# Singapore in the Sixties



## Succour

Do any of the members recall Nelson Road in the sixties ?.
I seem to remember going there for a blood test before heading back to UK. A brown envelope waited for you in Liverpool and hopefully a sigh of relief.....
Succour.


----------



## billyboy

could be a good thread this one eh!. Come on lads come clean and tell all (unless the wife's looking over your shoulder...LOL)


----------



## Billieboy

Coming around the corner to turn up the straits one sunny Saturday, we were a little to port of the buoy which was supposed to be well off on the port beam. Only a little bump! it was the 8-12, I was below and only just felt it; eventually got the hook down and we had to await an underwater inspection,(we were a tanker in ballast). The girls came alongside and I was playing strip poker in a towel in my cabin with four of them all afternoon. One of the best weekends I ever had in Singers!


----------



## knighta

*"Coca-Cola" girls*

Your post sent me down Memory Lane. I remember that every time we anchored in the Western Anchorage, the "Coca-Cola" girls, also known as "Milk Girls" would scramble aboard, and offer us fruit, milk, and "other services". Do these "ladies" still ply their trade in the Western Anchorage, or have they been swept away by Singapore's relentless descent into respectability?
Also, does anyone remember the Keelong Bar, which was at the S end of Bukom Island, near the ferry dock? The Bar was on stilts over the water, and us Apprentices would go there for a few beers and a Nasi Goreng, then walk up to the Shell Club at the top of the hill, for a swim in the pool, under the stars. Shell's bunker barge was named "Rita" which had been a tanker, but had had a bad Engine Room fire. The "Coca-Cola" girls used to use the "Rita" as their floating whare-house. Perhaps there should not be an "a" in that last word!


----------



## John Briggs

Those were my times in Singapore (before they "cleaned" it up!)
As Master I always allowed the milk girls on board and made an agreement with the Mama San that no girls were to come up to the officers quarters.

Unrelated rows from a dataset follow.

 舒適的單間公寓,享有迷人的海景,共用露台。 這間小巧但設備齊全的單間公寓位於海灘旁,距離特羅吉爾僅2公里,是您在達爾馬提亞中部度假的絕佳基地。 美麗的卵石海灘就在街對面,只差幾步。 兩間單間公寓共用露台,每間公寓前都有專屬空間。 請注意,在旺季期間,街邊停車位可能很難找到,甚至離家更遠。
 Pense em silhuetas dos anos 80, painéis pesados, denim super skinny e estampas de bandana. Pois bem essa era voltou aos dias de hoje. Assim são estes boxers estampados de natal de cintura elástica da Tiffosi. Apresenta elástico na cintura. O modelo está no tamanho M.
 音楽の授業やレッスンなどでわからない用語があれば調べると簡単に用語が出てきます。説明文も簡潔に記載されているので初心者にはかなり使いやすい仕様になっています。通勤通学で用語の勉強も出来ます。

Any officer who was thirsty and wanted a bit of milk had to personally find and escort a milk purveyor up to his cabin and away again after he had quenched his thirst.

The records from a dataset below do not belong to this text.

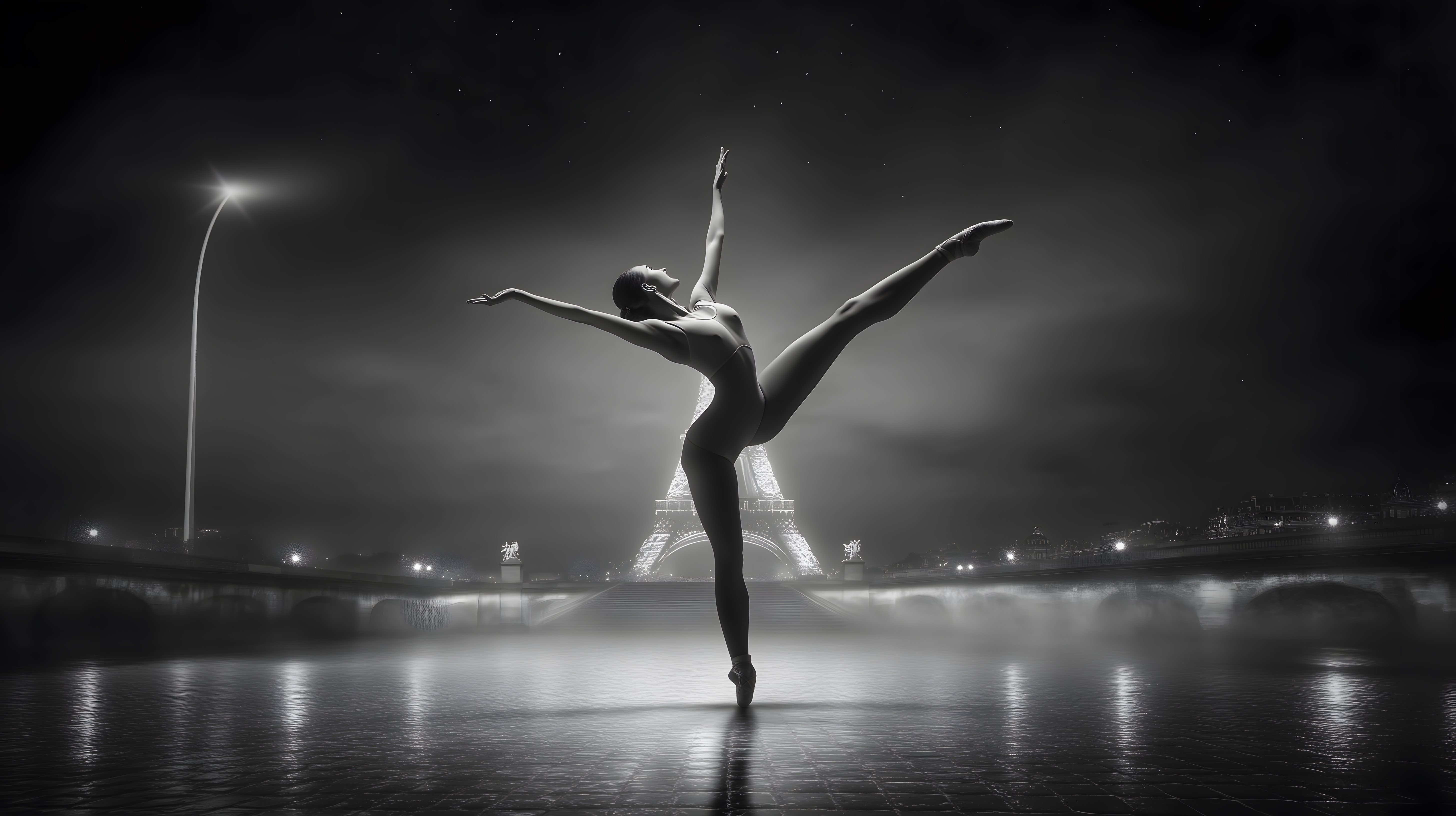 Dieses beeindruckende Schwarzweißfoto zeigt die Silhouette einer Ballerina, die elegant vor dem Eiffelturm in Paris tanzt. Die Tänzerin schwebt anmutig über dem Wasser, ihre Arme und Beine zu einer Bewegung gespreizt, während die Lichter der Stadt im Hintergrund eine stimmungsvolle Kulisse bilden. Die Komposition ist ausgewogen und lässt den Fokus ganz auf der tänzerischen Pose liegen. Dieses hochwertige Stockfoto eignet sich hervorragend für Blogs, Newsletter, Social-Media-Beiträge und Werbematerialien in den Bereichen Tanz, Kunst, Lifestyle und Reise. Es steht unter einer Creative-Commons-Lizenz zur freien Nutzung in hoher Auflösung zur Verfügung.
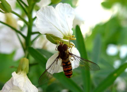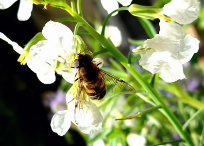 För mi is dat Schöönste: de Planten seht ok noch smuck ut. Wenn in de griese Harvsttiet de Storm över de kahlen Felder puust, smückt de verscheden Planten de Natuur mit farvig Blöden. Ik heff mi al mennig Blomenstruß plückt. Dorbi heff ik denn ok mitkregen, dat an den Ackerrand Mischgrööntüüch utseit weer. Besünners smuck weern de verscheden farvig Peluschken, ok Futterarven nöömt. De witte Oelrettich lock bi Sünnenschien in November noch enige Insekten an. Bi mi up den Blomenstruß heff ik Winterschwevfleegen bekieken kunnt. De Winterschweevfleeg ok Hainschweevfleeg weer "Insekt des Jahres" 2004. En lütte Keilschweevfleeg harr sik ok noch vun de Blomen anlocken laten. Dörch de zarten transparenten Flünken lüüch de Sünnenschien. Un dat allens in den Novembermaand! 23.11.2014
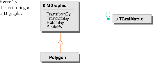 Transformation is the process of altering every point in a graphic to resize (scale), reorient (rotate), or move (translate) the graphic. MGraphic has the transformation functions shown in Figure 23. TranslateBy, RotateBy, and ScaleBy let you transform a 2-D graphic without using a matrix. You supply the values, and their default implementations create a temporary matrix and call the TransformBy function, which takes an instance of TGrafMatrix as a parameter. Transformations change the points of the 2-D geometry directly (except in the case of TEllipse) without copying the original points.

I was always offered a freebie for my cooperation. (Before anyone asks - no I didn't).

Another abiding memory was as third mate sent tank crawling in the double bottoms during cleaning by the gangs of young girls.
They used to work naked and it was quite interesting following one closely through the lightening holes. Double bottom tanks indeed!


----------



## Dickyboy

A brief glimpse of what Singers was all about......

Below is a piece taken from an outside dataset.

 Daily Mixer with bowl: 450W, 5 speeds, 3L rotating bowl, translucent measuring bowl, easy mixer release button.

http://www.youtube.com/watch?v=kUrkPDhsqAY

I had some good times there, though I was only there a few times, and with quick turnarounds. Sam Bwang? and NeeSoon? are the places that I remember, as well as Bugis Street of course.
They say Singapore has been cleaned up, more like sterilised I reckon.
I recall very many years ago the News of the World made a huge fuss and caused a lot of comment when a group of Royal Marines were spotted performing in Bugis Street. Such terms as "National Disgrace" "Bringing Shame" (To British Troops) and so on. "Not the sort of thing that our boys should be doing" and so on and so on.


----------



## Keith Adkins

Knighta,
You have brought back memories! The Keelong Bar knew it well, I spent 3 years, with Shell Eastern, from 60-63, and Bukom was our home port especially on the old G boats. Does anyone remember missing the last ferry from Singapore Docks to Bukom and putting your life in peril by taking an up rated dug out with outboard motor to get back to Bukom because your ship was sailing at some ridiculous hour in the morning!


----------



## Olosun

During the real early 70th I was sailing on a run between South East Asia and Australia for few years. We did have a stop both on north and south bound in Singapore for 4 to 7 days and always alongside at Keppel’s.
Cellar Bar, close to the Keelong (I belive that was the name) pier, was a place to sit down and have a beer and a “Flielice”. You could always meet some long time no see sailor there as most seaman did drop by the Cellar. 
In the evening it was nice to visit Ritz hotel where there were some nice girls and if you like the little bit more rough style it was Tonys Paraise and Casanova night club.
Then, if you still were upright, you could always go to Bugis Street after midnight and have a night snack and look, no touch, at the gorgeous “girls” and see Charily, Queen of Bugis street, and lose some money to the kids running around among the tables.
I had a look at Singapore on Google earth and it doesn’t look as nice as in the 60-70th .


----------



## Pat Kennedy

Olosun said:


> During the real early 70th I was sailing on a run between South East Asia and Australia for few years. We did have a stop both on north and south bound in Singapore for 4 to 7 days and always alongside at Keppel’s.
> Cellar Bar, close to the Keelong (I belive that was the name) pier, was a place to sit down and have a beer and a “Flielice”. You could always meet some long time no see sailor there as most seaman did drop by the Cellar.
> In the evening it was nice to visit Ritz hotel where there were some nice girls and if you like the little bit more rough style it was Tonys Paraise and Casanova night club.
> Then, if you still were upright, you could always go to Bugis Street after midnight and have a night snack and look, no touch, at the gorgeous “girls” and see Charily, Queen of Bugis street, and lose some money to the kids running around among the tables.
> I had a look at Singapore on Google earth and it doesn’t look as nice as in the 60-70th .


Did you mean Toby's Paradise bar at the corner of Anson Rd? 
A nice clean and airy place, owned by a black guy who ran a very tight ship and charged reasonable prices and even had an in house barber who would give you a haircut without interrupting your drinking.
Pat


----------



## Olosun

Pat Kennedy said:


> Did you mean Toby's Paradise bar at the corner of Anson Rd?
> A nice clean and airy place, owned by a black guy who ran a very tight ship and charged reasonable prices and even had an in house barber who would give you a haircut without interrupting your drinking.
> Pat


Yeah, that might be right as its a few years since I did wake the streets of Singapore and Anson Rd.


----------



## Pat Kennedy

Olosun said:


> Yeah, that might be right as its a few years since I did wake the streets of Singapore and Anson Rd.


Me too, but there was a fellow on here last year making enquiries about Toby's Paradise Bar, he was a film maker based in New York, and was researching for a movie that was apparently about to be made, concerning Singapore in the 1960s .
I passed on all I could remember about Toby's Bar, and I got a couple of e mails and a phone call from him, but nothing since.
It will be interesting to see this movie, if it ever gets made.
Regards, 
Pat (Thumb)


----------